§ ABOUT THIS TASK: Where the line containing "Dette unikke puslespil" appears in the records below, begin there and repeat each line exactly through the final one, dropping all pictures.
[[ RECORDS SUPPLIED, beginning ]]
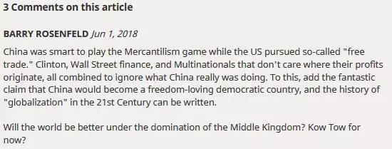 BARRY ROSENFELD:当美国追求所谓的“自由贸易”时,中国却在打重商主义的牌,这是非常明智的。希拉里、华尔街金融界以及那些并不关心利润来自哪里的跨国公司们,他们并没有注意到中国到底在做什么。考虑到这一点,再加上那些“中国会成为自由民主国家”的想象力过于丰富的言论,21世纪“全球化”的历史现在应该已经可以提前写就了。这个世界在中央王国的领导下会变得更好吗?眼下是不是该叩头了呢?
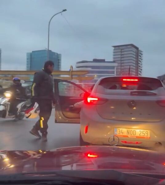 Olay, dün akşam saatlerinde Pendikte meydana geldi. İddiaya göre, seyir halindeki otomobil sürücüsü ile motosiklet sürücüsü arasında yol verme nedeniyle tartışma çıktı. Aracından inen motosiklet sürücüsü, kapısını zorla açtığı otomobilin sürücüsünü kolundan tutarak aşağı indirmeye çalıştı. Motosikletlinin tehdit ve hakaret ettiği tartışma çevredeki sürücülerin araya girmesiyle son bulurken yaşananlar cep telefonu kamerasıyla kaydedildi.
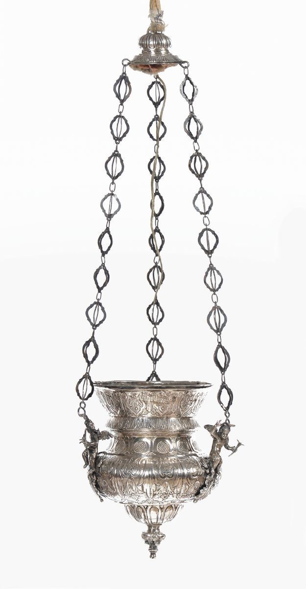 agli angoli tre puttini in argento fusi a cera persa, catena con finale a presa.gr. 1100 circa, diametro cm 13, altezza cm 24,5, con catena cm 72
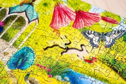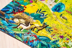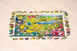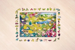 Dette unikke puslespil er lavet af træ med højkvalitets farvetryk. Hver brik har en helt unik form, hvilket giver en spændende byggeoplevelse. Her finder du brikker, der minder om rigtige dyr, blomster og andre genstande fra den virkelige verden.
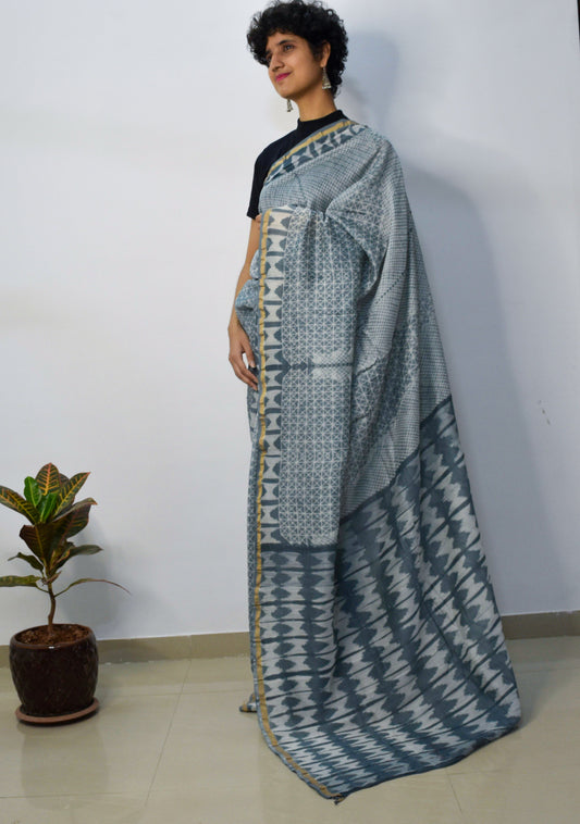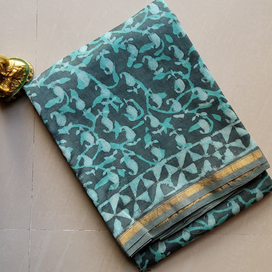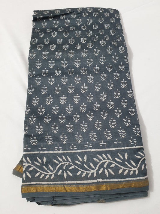 Grey Chanderi Silk Cotton Hand block printed Saree
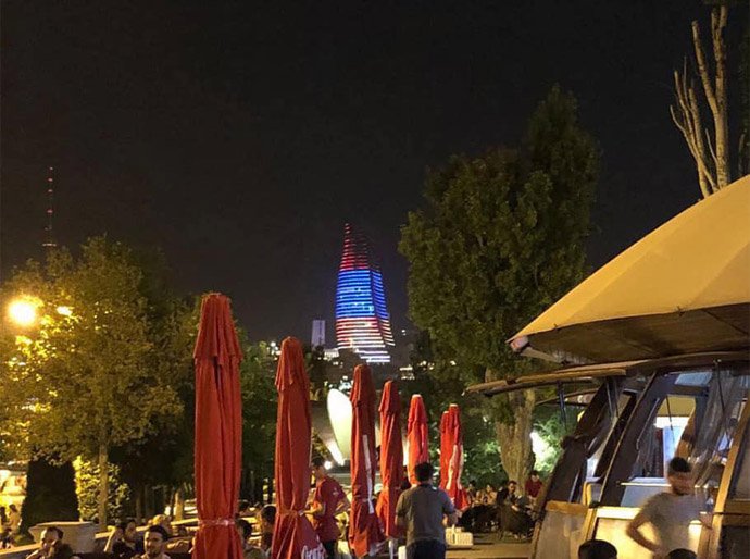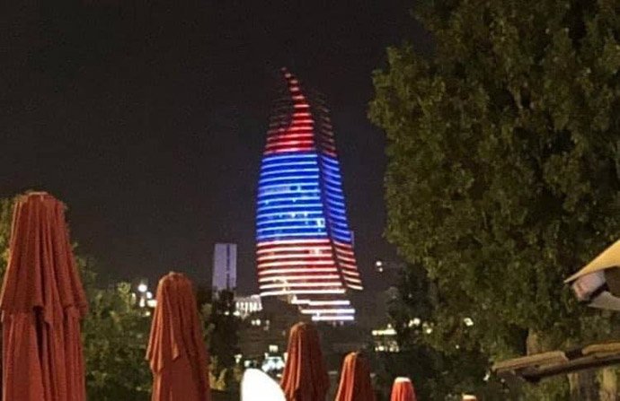Հայ Հակերները ՀՀ եռագույնն են ցուցադրել Բաքվի երկնաքերի վրա։
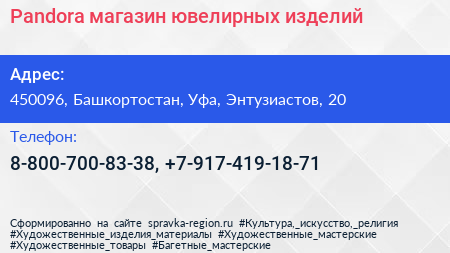 Pandora, магазин ювелирных изделий по адресу 450096, Башкортостан, Уфа, Энтузиастов, 20 в дальнейшем Организация, размещена в следующих категориях:
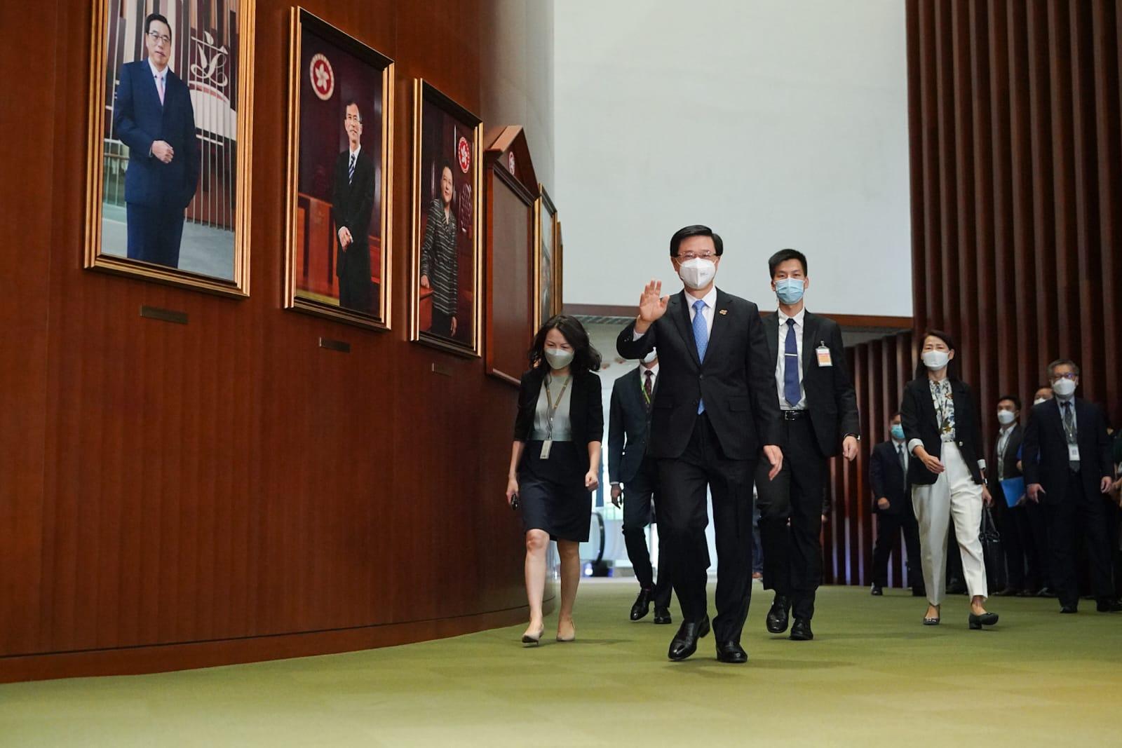 此外,李家超表示已要求局長下月呈交指定項目的指標,以了解項目進度,強調政府會務實有為,解市民所困。 他提到,國家主席習近平早前的講話,高瞻遠矚,給予各界和國際社會對「一國兩制」行穩致遠的信心;而習近平提到的「四點希望」,亦對特區政府施政意義重大,他認為,自己競選時提出的政策綱要,大抵符合「四點希望」,令他很鼓舞,政府亦已經就習近平的講話,開展跟進工作會議,並會在施政實踐。
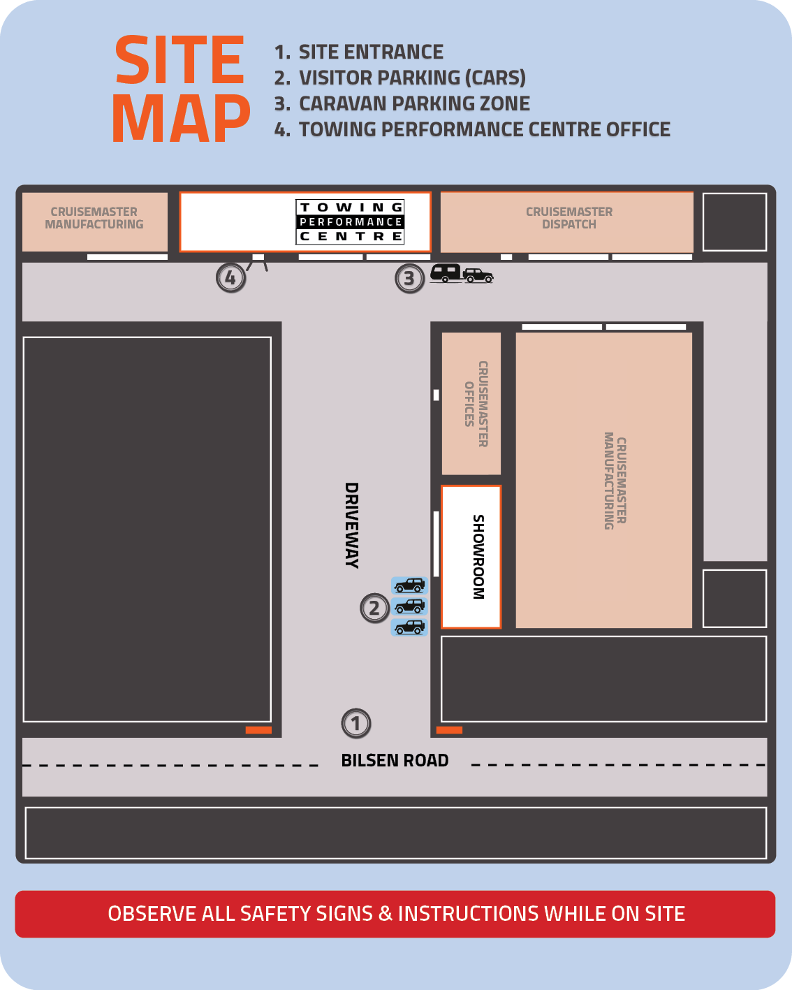 Thankyou for entrusting the Towing Performance Centre (TPC) to complete the service work, upgrades or modifications to your vehicle and/or caravan. Upon arrival at the Towing Performance Centre (refer to #1) with your car and/or caravan, we ask that you follow this parking plan to assist with ensuring the safety of our employees who may be working in this area and any other customers or visitors who may be present.
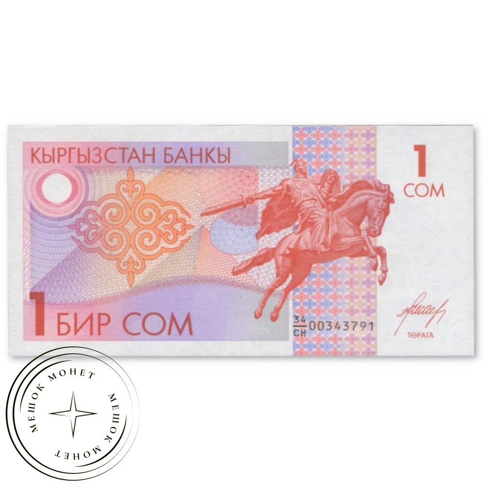 Банкнота номиналом 1 сом Кыргызстана. Эта банкнота была введена в обращение 10 мая 1993 года.
[[ RECORDS SUPPLIED, end ]]
§ SOLUTION BELOW:
 Dette unikke puslespil er lavet af træ med højkvalitets farvetryk. Hver brik har en helt unik form, hvilket giver en spændende byggeoplevelse. Her finder du brikker, der minder om rigtige dyr, blomster og andre genstande fra den virkelige verden.
 Grey Chanderi Silk Cotton Hand block printed Saree
Հայ Հակերները ՀՀ եռագույնն են ցուցադրել Բաքվի երկնաքերի վրա։
 Pandora, магазин ювелирных изделий по адресу 450096, Башкортостан, Уфа, Энтузиастов, 20 в дальнейшем Организация, размещена в следующих категориях:
 此外,李家超表示已要求局長下月呈交指定項目的指標,以了解項目進度,強調政府會務實有為,解市民所困。 他提到,國家主席習近平早前的講話,高瞻遠矚,給予各界和國際社會對「一國兩制」行穩致遠的信心;而習近平提到的「四點希望」,亦對特區政府施政意義重大,他認為,自己競選時提出的政策綱要,大抵符合「四點希望」,令他很鼓舞,政府亦已經就習近平的講話,開展跟進工作會議,並會在施政實踐。
 Thankyou for entrusting the Towing Performance Centre (TPC) to complete the service work, upgrades or modifications to your vehicle and/or caravan. Upon arrival at the Towing Performance Centre (refer to #1) with your car and/or caravan, we ask that you follow this parking plan to assist with ensuring the safety of our employees who may be working in this area and any other customers or visitors who may be present.
 Банкнота номиналом 1 сом Кыргызстана. Эта банкнота была введена в обращение 10 мая 1993 года.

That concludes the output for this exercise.